HANGZHOU, China–(BUSINESS WIRE)–Dragon Victory International Limited (Nasdaq: LYL) (the “Company”), a company offering reward-based crowdfunding opportunities and quality incubation services to entrepreneurs in China, announced today that on June 5, 2020, it received a Nasdaq staff deficiency letter (the “Nasdaq Letter”) notifying the Company that it was no longer in compliance with the minimum bid price requirement as set forth in Nasdaq Listing Rule 5550(a)(2).
Nasdaq Listing Rule 5550(a)(2) requires listed securities to maintain a minimum bid price of $1.00 per share, and Nasdaq Listing Rule 5810(c)(3)(A) provides that a failure to meet the minimum bid price requirement exists if the deficiency continues for a period of 30 consecutive business days. Based on the closing bid price of the Company’s ordinary shares for the 30 consecutive business days prior to the date of the Nasdaq Letter, the Company no longer meets the minimum bid price requirement. The Nasdaq Letter has no immediate effect on the listing or trading of the Company’s ordinary shares on the Nasdaq Capital Market and, at this time, the ordinary shares will continue to trade on the Nasdaq Capital Market under the symbol “LYL.”

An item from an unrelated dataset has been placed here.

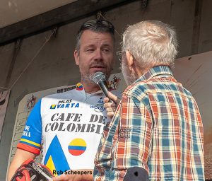 Een andere deelnemer uit de regio is ROB SCHEEPERS uit Sterksel. De comedian en tonproater tijdens de carnavalsperiode staat vooral bekend om zijn onvervalste “one-liners”. Die waren ook te zien en te horen in de TV-serie “Paboem Patsss.” Vorig jaar baarde hij opzien door in de TDOBC van start te gaan in een origineel Café de Colombia-shirt. Een vooruitziende blik met het oog op de Tour?

The Nasdaq Letter provides that the Company has 180 calendar days to regain compliance with Nasdaq Listing Rule 5550(a)(2). The Nasdaq Letter also stated that given the extraordinary market conditions caused by COVID-19, Nasdaq has determined to toll the compliance periods for the bid price and market value of publicly held shares requirements through June 30, 2020. As a result, the tolling and 180 calendar day compliance period will expire on December 28, 2020. If at any time during the tolling period or 180-day compliance period, the closing bid price of the Company’s security is at least $1.00 for a minimum of ten consecutive business days, the Nasdaq will provide the Company written confirmation of compliance and the matter will be closed.
If the Company does not regain compliance by December 28, 2020, an additional 180 days may be granted to regain compliance, if the Company meets the continued listing requirement for market value of publicly held shares and all other initial listing standards for the Nasdaq Capital Market, with the exception of the bid price requirement and notifies Nasdaq in writing of its intention to cure the deficiency during the second compliance period, by effecting a reverse share split, if necessary. If the Company does not qualify for the second compliance period or fails to regain compliance during the second 180-day period, Nasdaq will notify the Company that its ordinary shares will be subject to delisting, at which point the Company will have an opportunity to appeal the delisting determination to a Hearings Panel.
The Company intends to monitor the closing bid price of its ordinary shares and may, if appropriate, consider implementing available options, including, but not limited to, implementing a reverse share split of its outstanding ordinary shares, to regain compliance with the minimum bid price requirement under the Nasdaq Listing Rules.